July 22-27 I’ll teach a seminar at Sul Ross University in Alpine in Far West Texas “Writing With A Sense of Place.” The seminar, part of the summer writing retreat sponsored by the Writers League of Texas, will cover basics of writing with the emphasis on place, including field trips, talks with locals, and writing drills.

The weather in Alpine in late July is about as good as it gets in Texas this time of year – warm days with highs in the upper 80s to low 90s, nights cool enough to sleep with the windows open, and afternoon rainstorm – this is the peak of the “monsoon” season in Far West Texas.
512-499-8914
wlt@writersleague.org
For more info, contact Jennifer Ziegler at the Writers League

Click here for details

Students will take advantage of the unique landscape of Far West Texas and its distinctive people to provide context to their writing. Field research and independent investigation will be part of the course assignment, along with more traditional classroom instruction, discussion, writing drills, and exchange of ideas.

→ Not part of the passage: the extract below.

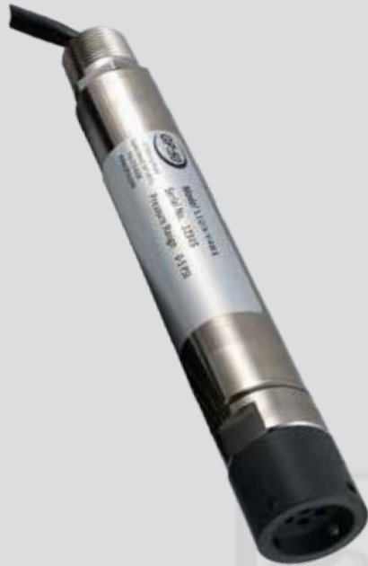
Model BR1103-Y481 Submersible Level Transmitter with Sludge Screen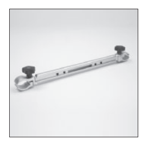
MZ 54 Clinical installation set

No matter what you write or how well or why you do it, this class aims to improve your existing skills and broaden your writing scope.

JOE NICK PATOSKI is in his fourth decade writing about Texas and Texans. He has authored and co-authored biographies on Selena and Stevie Ray Vaughan, both published by Little, Brown and Company and the coffeetable books Texas Mountains, Texas Coast, and Big Bend National Park all published by the University of Texas Press. He spent 18 years as a staff writer for Texas Monthly and more recently has written for the Texas Observer, National Geographic, No Depression, People magazine, Texas Parks & Wildlife Magazine, Field & Stream, the Los Angeles Times, the New York Times, the Big Bend Sentinel, Southwest Spirit, American Way, the Austin Chronicle, Harp, and TimeOut New York, and other publications. He also contributed an essay to the photo book Conjunto by John Dyer, also published by University of Texas Press.

In 2003-4, he recorded the oral histories of B.B. King, Clarence Fountain of the Blind Boys of Alabama, Memphis musician and producer Jim Dickinson, Tejano superstar Little Joe Hernandez, and 15 other subjects for the Voice of Civil Rights oral history project, some of which appeared in the book My Soul Looks Back in Wonder by Juan Williams, published by Sterling, and rode on the The Voices of Civil Rights bus tour, a 70 day journey across the nation where personal oral histories on civil rights were collected for the Library of Congress. In 2008 his biography of Willie Nelson was published by Little, Brown & Company. An avid swimmer and kayaker, he lives near Wimberley in the Texas Hill Country.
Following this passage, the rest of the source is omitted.